> _WHAT YOU HAVE TO DO_: Beginning at the line containing "I have for sale", give again every line through the end of the data, unchanged and with both ends included. Drop any pictures.

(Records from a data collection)

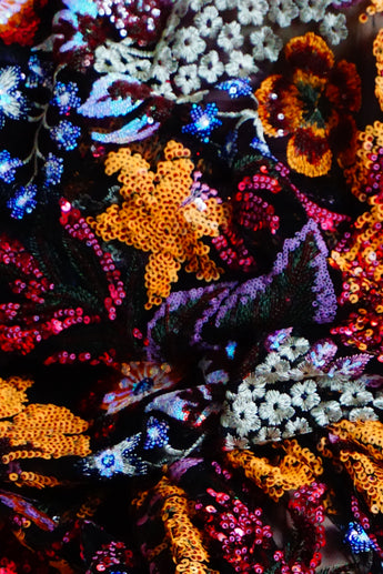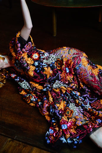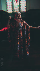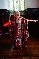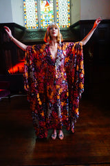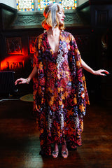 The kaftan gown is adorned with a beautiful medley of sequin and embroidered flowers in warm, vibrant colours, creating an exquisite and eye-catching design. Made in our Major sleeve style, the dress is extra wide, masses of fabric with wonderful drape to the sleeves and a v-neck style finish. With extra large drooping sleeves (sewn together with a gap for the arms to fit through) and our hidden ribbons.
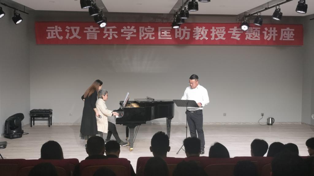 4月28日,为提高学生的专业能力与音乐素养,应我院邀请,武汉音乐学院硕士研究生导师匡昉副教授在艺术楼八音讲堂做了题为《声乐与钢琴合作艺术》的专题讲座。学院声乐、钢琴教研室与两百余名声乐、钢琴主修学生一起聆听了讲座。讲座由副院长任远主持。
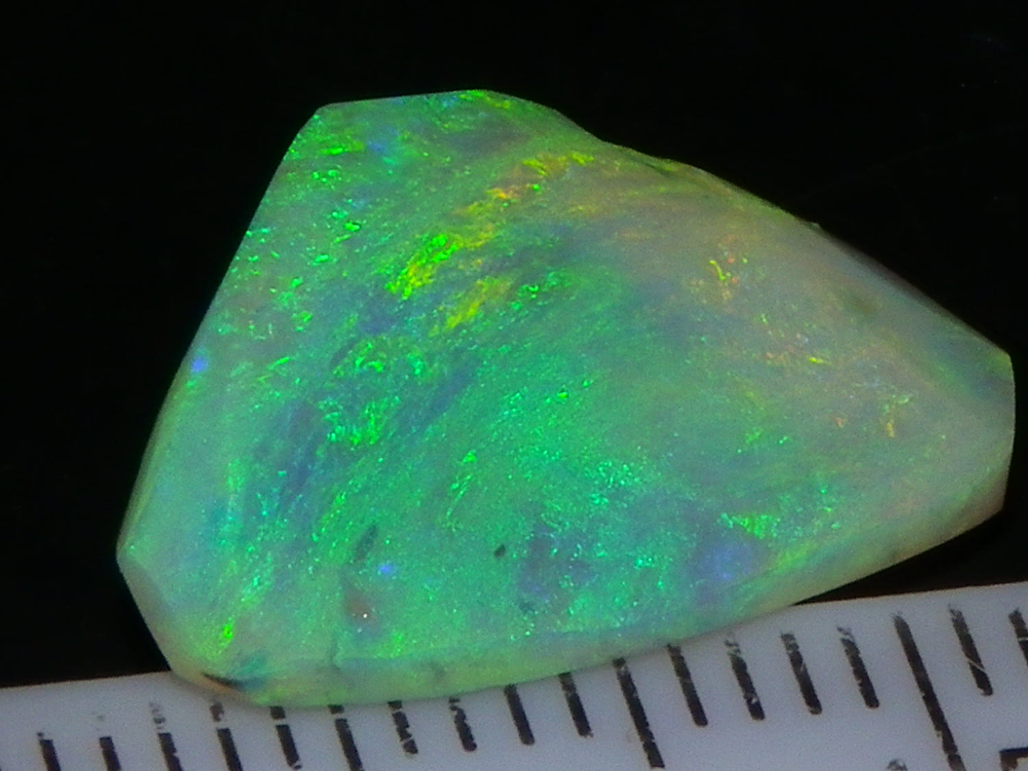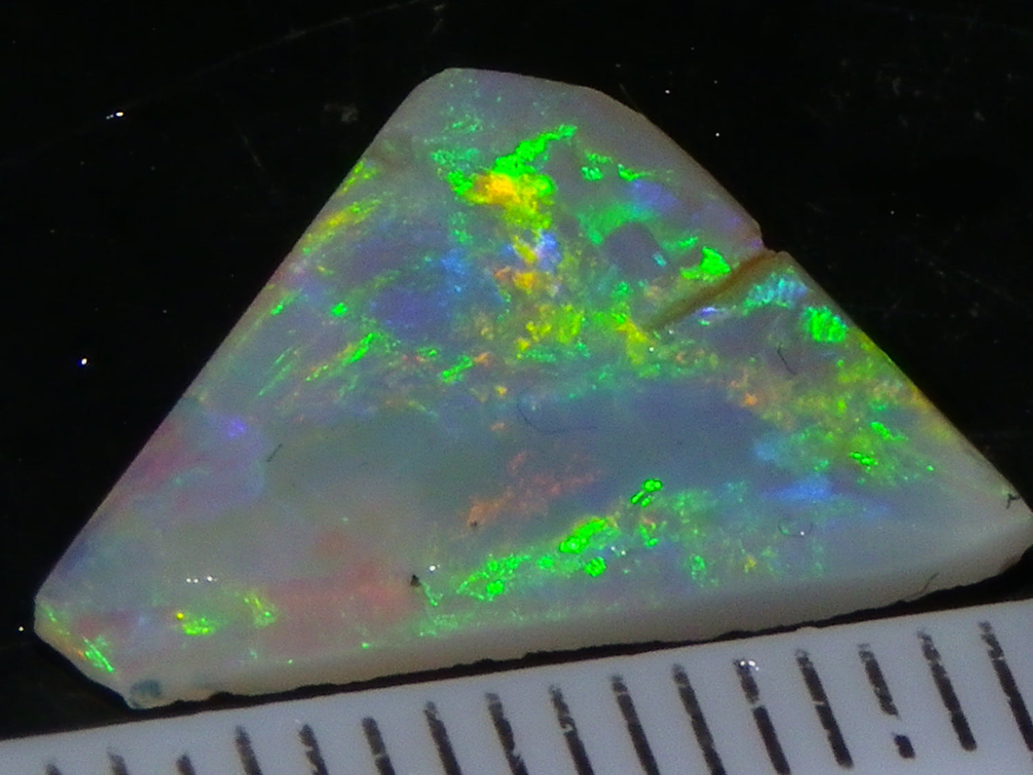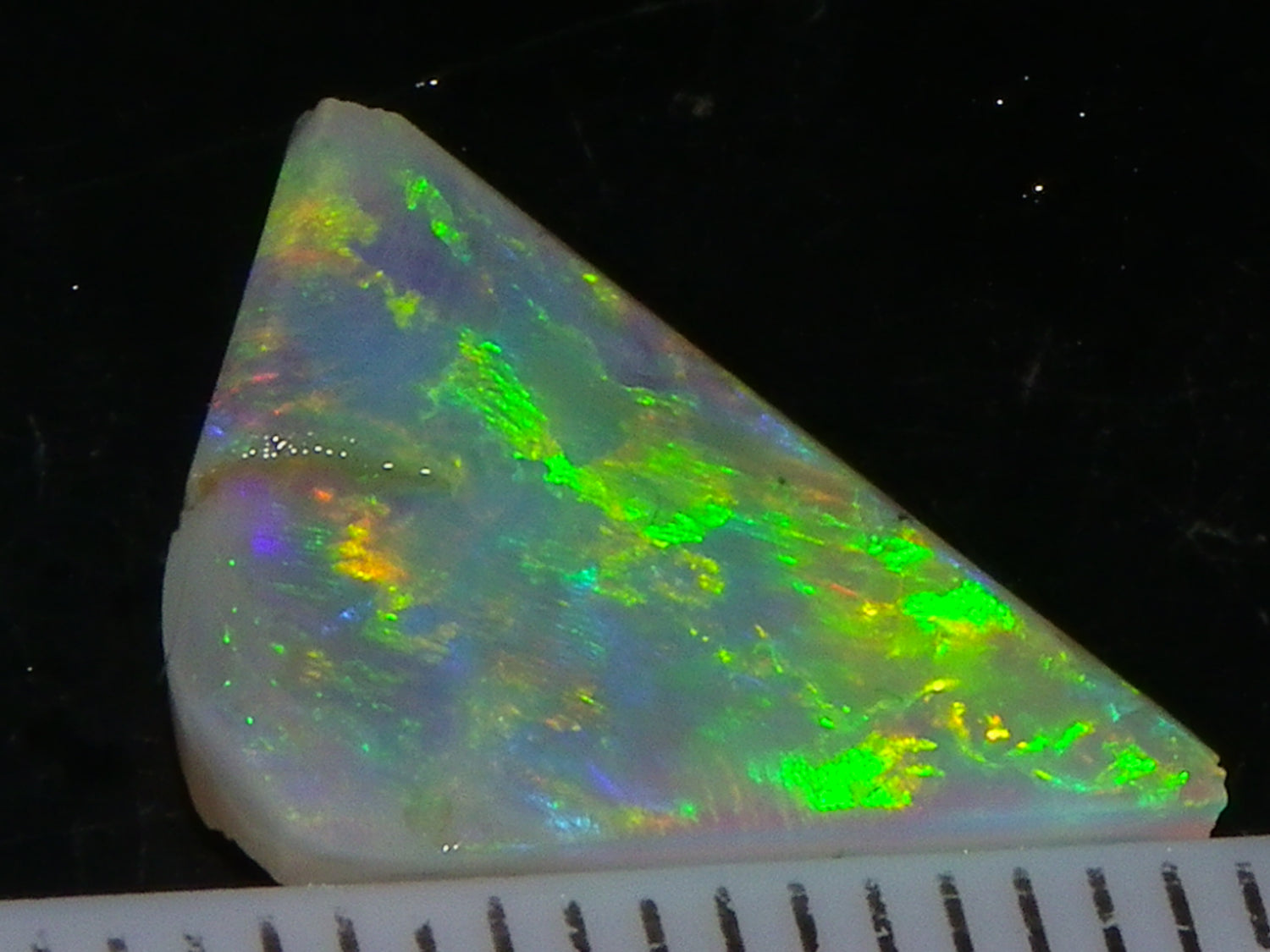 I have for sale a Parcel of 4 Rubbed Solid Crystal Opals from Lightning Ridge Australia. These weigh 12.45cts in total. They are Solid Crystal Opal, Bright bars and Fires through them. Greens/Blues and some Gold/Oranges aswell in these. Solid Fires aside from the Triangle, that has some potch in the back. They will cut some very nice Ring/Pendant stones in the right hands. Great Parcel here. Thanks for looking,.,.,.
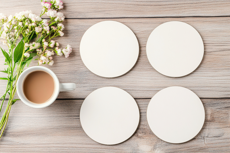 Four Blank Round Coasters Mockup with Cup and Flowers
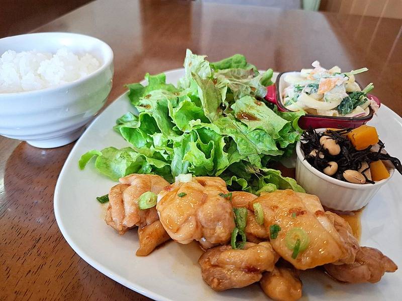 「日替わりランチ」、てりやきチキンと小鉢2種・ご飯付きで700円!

> _SOLUTION BELOW_:
 I have for sale a Parcel of 4 Rubbed Solid Crystal Opals from Lightning Ridge Australia. These weigh 12.45cts in total. They are Solid Crystal Opal, Bright bars and Fires through them. Greens/Blues and some Gold/Oranges aswell in these. Solid Fires aside from the Triangle, that has some potch in the back. They will cut some very nice Ring/Pendant stones in the right hands. Great Parcel here. Thanks for looking,.,.,.
 Four Blank Round Coasters Mockup with Cup and Flowers
 「日替わりランチ」、てりやきチキンと小鉢2種・ご飯付きで700円!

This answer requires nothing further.